TASK TO CARRY OUT –
Make an exact copy of the records below, leaving every image out.

━━━━━━━━━━━━━━━━

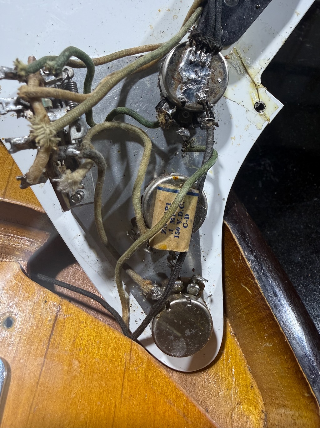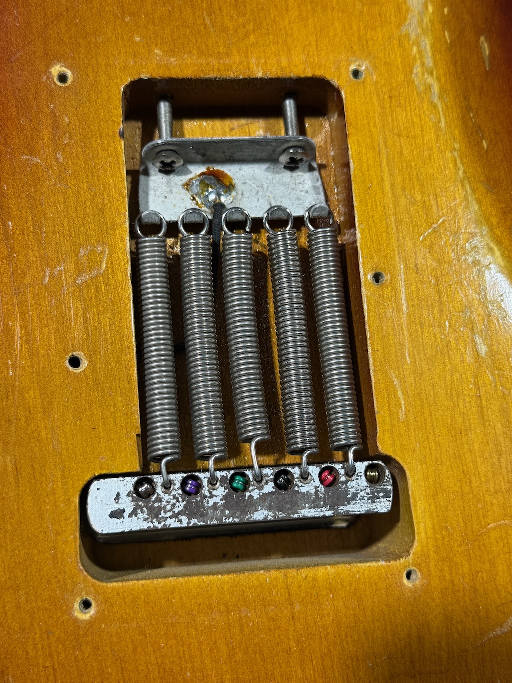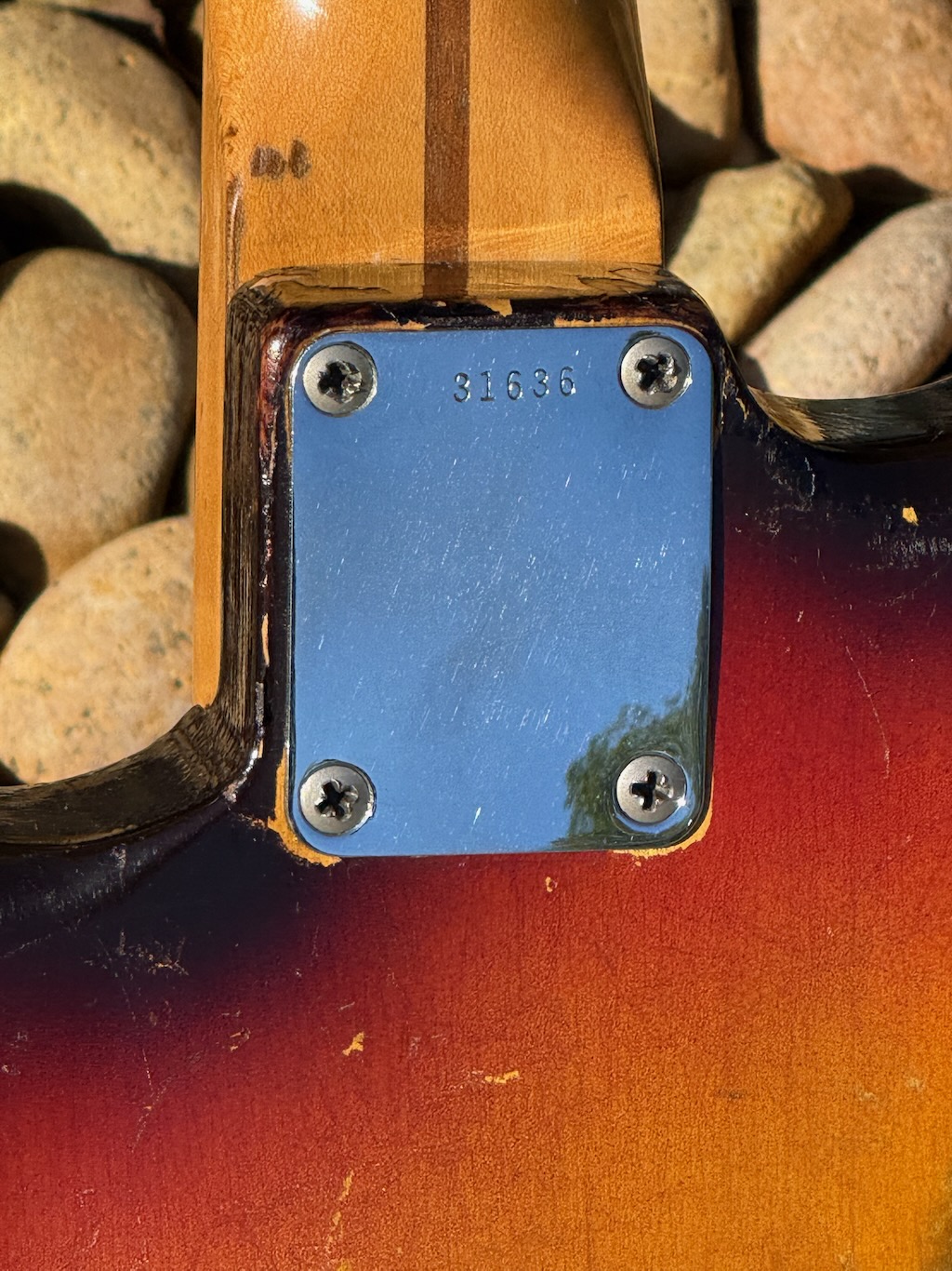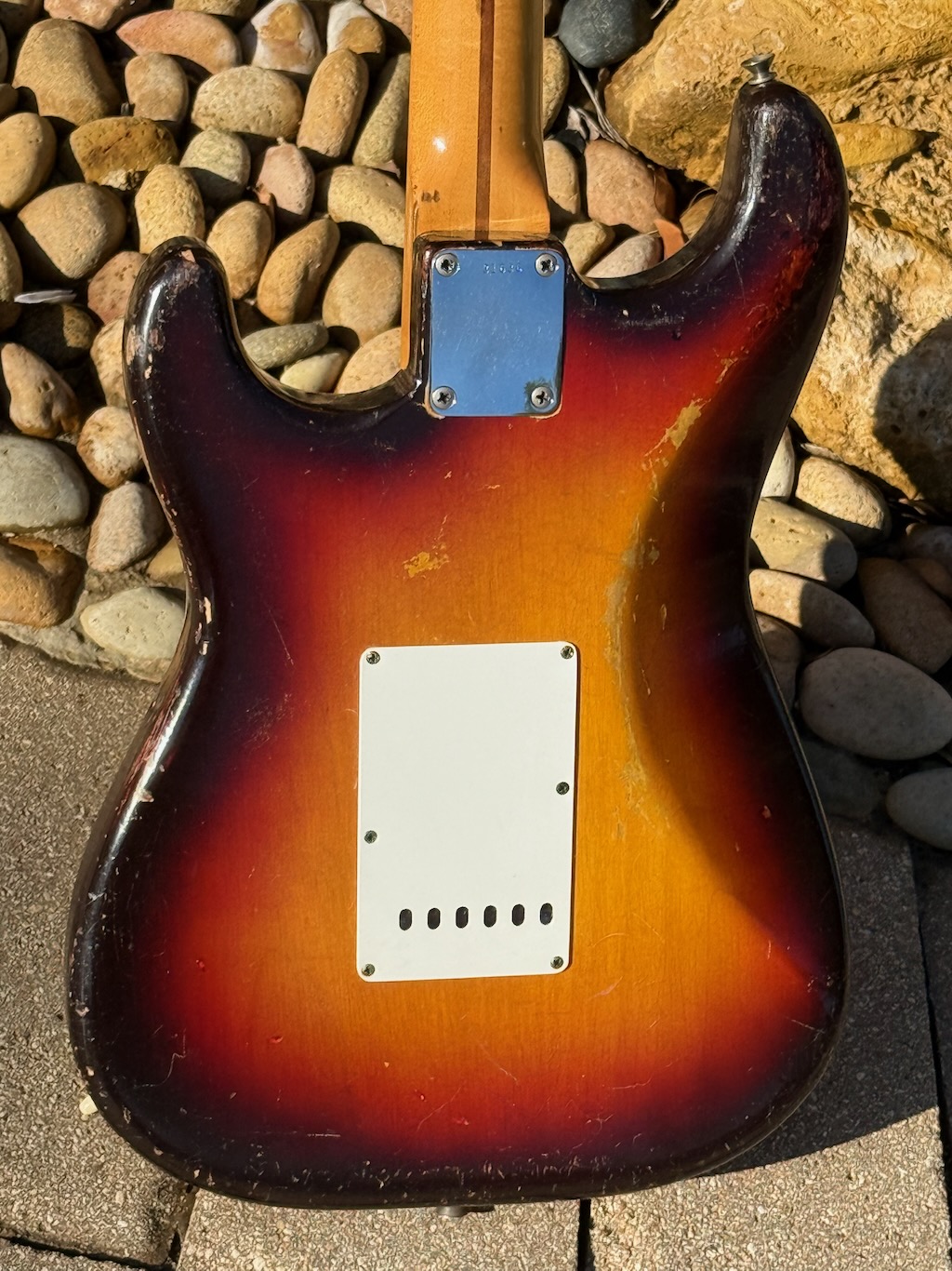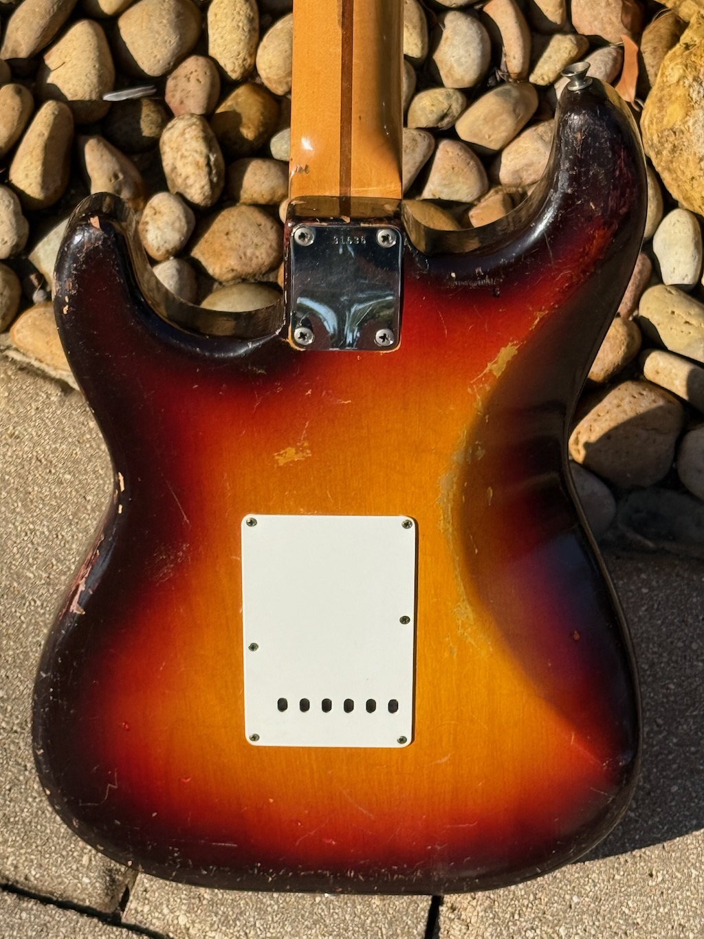 This is the ultimate all original & perhaps the very last production run Pre-CBS Stratocaster w/a Maple neck & all early ’59 features in all original condition. It has its original slightly faded 3-Tone Brown’burst finish over a very lightweight Alder body pencil dated 11/58 & weighing in at a featherweight 7 lbs. 1 oz. These early 59’s were the last made Maple Necks, this one being pencil dated 3/59 & are quite wide & have a flat/thin feel like no others. It’s sporting a very low serial # (31XXX) stamped on its 4-bolt neck plate, its original single layer pickgard has 1 crackle in it. Its 3 Pickups are absolutely fantastic w/that quintessential Strat tone !, Its pot date codes are from the 39th week of 1958, Its so cool from its nickel tuners to its pat. pend. 6 saddle bridge, its all original other than a pro-refret by Gruhn’s. She has a gorgeous patina for a 65 year old original, it plays & feels incredible, other than having some major play time, she’s still rather Excellent. 1 of the coolest & most desirable examples on Earth, she comes complete w/its original Tweed case.
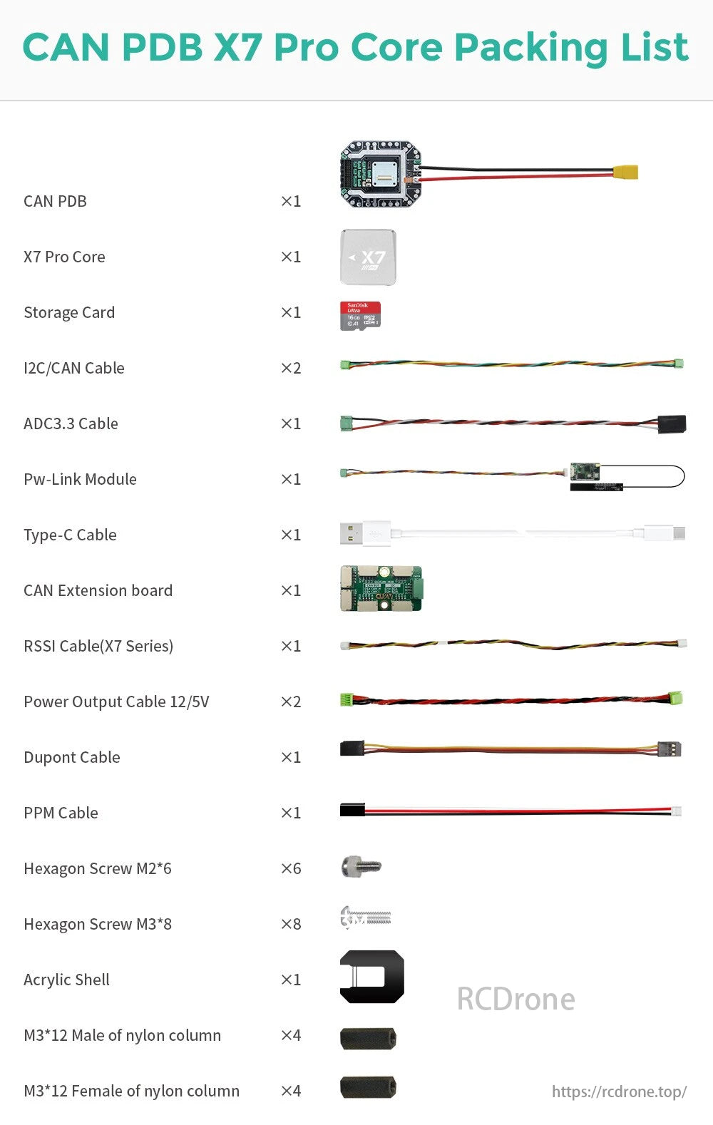 The package includes: CAN PDB, X7 Pro Core, XL storage card, one Exoisk I2C/CAN cable, two ADC 3.3 cables, one PW-Link module, and one Type-C cable. Additionally, you'll find six hexagon screws (M2*6) and eight hexagon screws (M3*8).
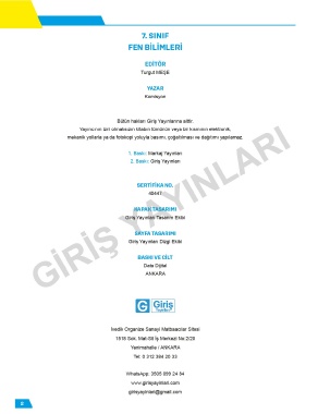 Page 2 - 7. SINIF FEN BİLİMLERİ KAZANIM TESTLERİ - GİRİŞ YAYINLARI
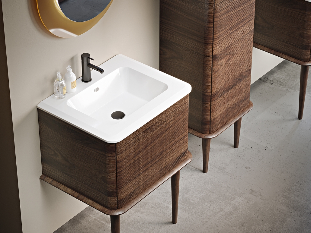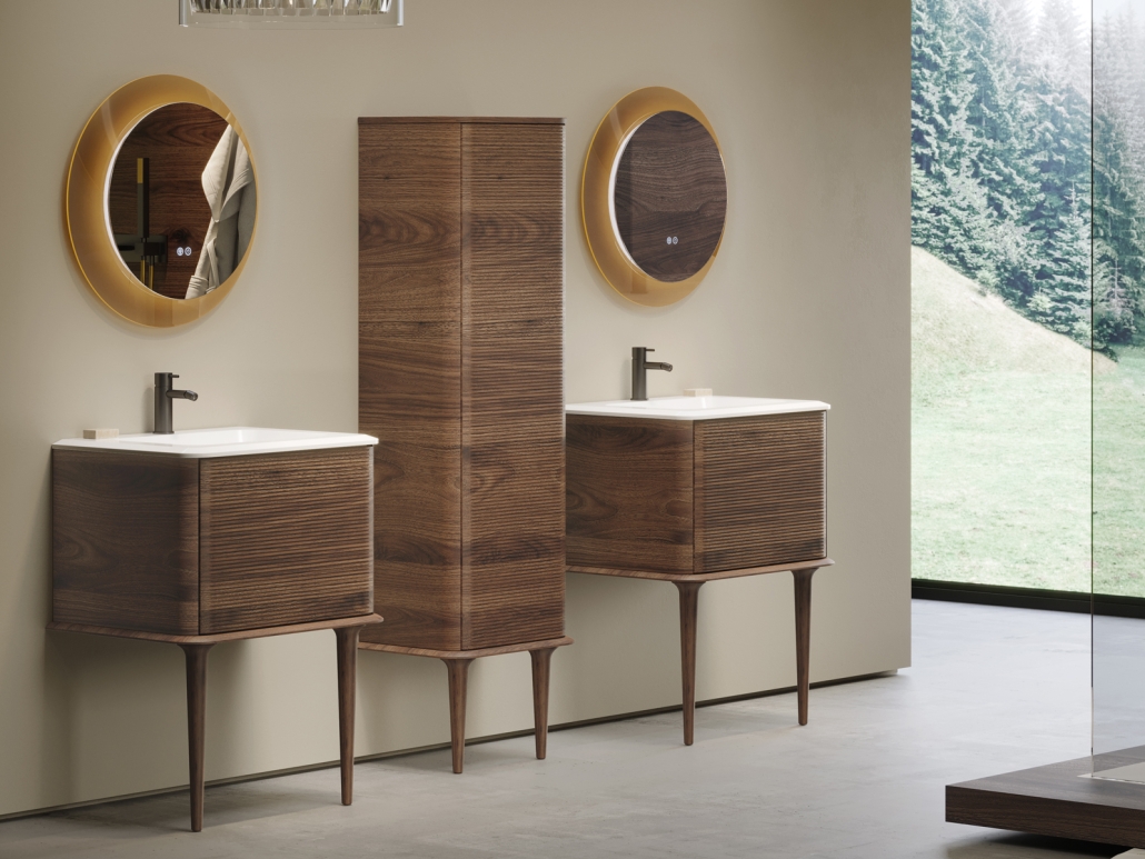 The Idra Collection was born from the concept of a bathroom environment in which the typical elegance of classic design is reinterpreted in a modern key with elements of strong stylistic connotation capable of giving a new light to the panorama of bathroom furnishings. Timeless elegance and contemporary rigor come together in a game of contrasts between curved lines and 3D geometries for a versatile and refined Collection. Available in the hanging version or with solid wood feet, the Collection has sides with finely rounded edges that welcome fronts with horizontal fluted decoration in a vast range of nuances and sizes.
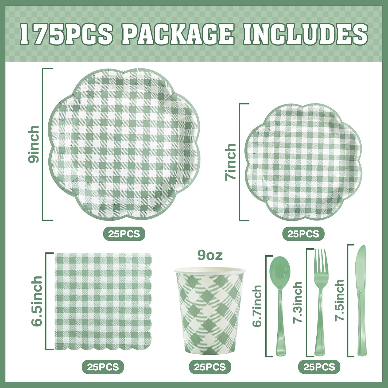 - 【Serves 25 Guests】Sage green gingham plates sets includes 25pcs 9-inch sage green checkered dinner plates, 25pcs 7-inch sage green plaid dessert plates, 25pcs 9 oz gingham cups, 25pcs 6.5-inch scalloped gingham napkins and 25 sets of knives, forks, spoons for a total of 175 pieces. Perfect for all kinds of parties and celebrations
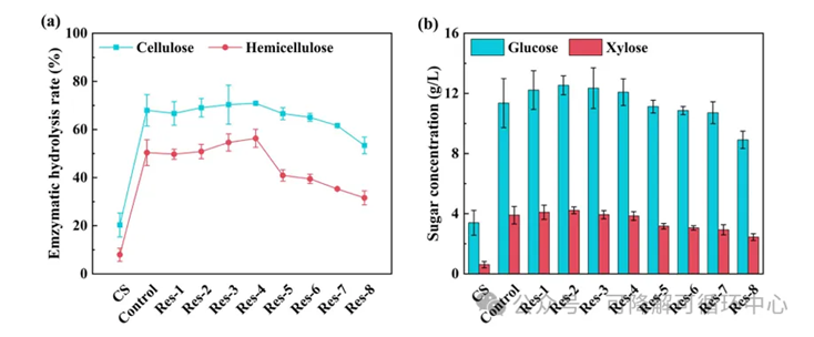 图2. 玉米秸秆(CS)、预处理玉米秸秆(对照组)及经ABL循环处理1至8次的预处理玉米秸秆(Rec 1–8)的酶水解效率(a)与糖浓度(b)对比。
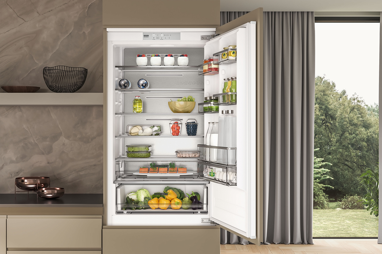 Für den Alltag bedeutet der neue Zugewinn an Höhe und Breite auch mehr Platz für Frisches & Gesundes – zum Beispiel 30 Prozent mehr Lagerkapazität (modellabhängig) in den Frische-Schubladen um die 0 Grad Celsius und somit größere Bevorratungsmöglichkeiten von Obst, Gemüse und Salat. Dank einer Temperatur nahe 0 Grad Celsius und einer regulierbaren Luftfeuchtigkeit bleiben sie außerdem nicht nur länger knackig und taufrisch, sondern bewahren auch länger ihre Vitamine und Nährstoffe. Fisch- und Fleisch kommen in ein eigenes Frischefach bei einer Temperatur nahe 0 Grad Celsius und niedriger Luftfeuchtigkeit und halten sich dadurch ebenfalls beträchtlich länger frisch. Diese und weitere innovative Technologien tragen dazu bei, dass weniger Lebensmittel weggeworfen werden.

━━━━━━━━━━━━━━━━

OUTPUT FOR THIS EXERCISE –
 This is the ultimate all original & perhaps the very last production run Pre-CBS Stratocaster w/a Maple neck & all early ’59 features in all original condition. It has its original slightly faded 3-Tone Brown’burst finish over a very lightweight Alder body pencil dated 11/58 & weighing in at a featherweight 7 lbs. 1 oz. These early 59’s were the last made Maple Necks, this one being pencil dated 3/59 & are quite wide & have a flat/thin feel like no others. It’s sporting a very low serial # (31XXX) stamped on its 4-bolt neck plate, its original single layer pickgard has 1 crackle in it. Its 3 Pickups are absolutely fantastic w/that quintessential Strat tone !, Its pot date codes are from the 39th week of 1958, Its so cool from its nickel tuners to its pat. pend. 6 saddle bridge, its all original other than a pro-refret by Gruhn’s. She has a gorgeous patina for a 65 year old original, it plays & feels incredible, other than having some major play time, she’s still rather Excellent. 1 of the coolest & most desirable examples on Earth, she comes complete w/its original Tweed case.
 The package includes: CAN PDB, X7 Pro Core, XL storage card, one Exoisk I2C/CAN cable, two ADC 3.3 cables, one PW-Link module, and one Type-C cable. Additionally, you'll find six hexagon screws (M2*6) and eight hexagon screws (M3*8).
 Page 2 - 7. SINIF FEN BİLİMLERİ KAZANIM TESTLERİ - GİRİŞ YAYINLARI
 The Idra Collection was born from the concept of a bathroom environment in which the typical elegance of classic design is reinterpreted in a modern key with elements of strong stylistic connotation capable of giving a new light to the panorama of bathroom furnishings. Timeless elegance and contemporary rigor come together in a game of contrasts between curved lines and 3D geometries for a versatile and refined Collection. Available in the hanging version or with solid wood feet, the Collection has sides with finely rounded edges that welcome fronts with horizontal fluted decoration in a vast range of nuances and sizes.
 - 【Serves 25 Guests】Sage green gingham plates sets includes 25pcs 9-inch sage green checkered dinner plates, 25pcs 7-inch sage green plaid dessert plates, 25pcs 9 oz gingham cups, 25pcs 6.5-inch scalloped gingham napkins and 25 sets of knives, forks, spoons for a total of 175 pieces. Perfect for all kinds of parties and celebrations
 图2. 玉米秸秆(CS)、预处理玉米秸秆(对照组)及经ABL循环处理1至8次的预处理玉米秸秆(Rec 1–8)的酶水解效率(a)与糖浓度(b)对比。
 Für den Alltag bedeutet der neue Zugewinn an Höhe und Breite auch mehr Platz für Frisches & Gesundes – zum Beispiel 30 Prozent mehr Lagerkapazität (modellabhängig) in den Frische-Schubladen um die 0 Grad Celsius und somit größere Bevorratungsmöglichkeiten von Obst, Gemüse und Salat. Dank einer Temperatur nahe 0 Grad Celsius und einer regulierbaren Luftfeuchtigkeit bleiben sie außerdem nicht nur länger knackig und taufrisch, sondern bewahren auch länger ihre Vitamine und Nährstoffe. Fisch- und Fleisch kommen in ein eigenes Frischefach bei einer Temperatur nahe 0 Grad Celsius und niedriger Luftfeuchtigkeit und halten sich dadurch ebenfalls beträchtlich länger frisch. Diese und weitere innovative Technologien tragen dazu bei, dass weniger Lebensmittel weggeworfen werden.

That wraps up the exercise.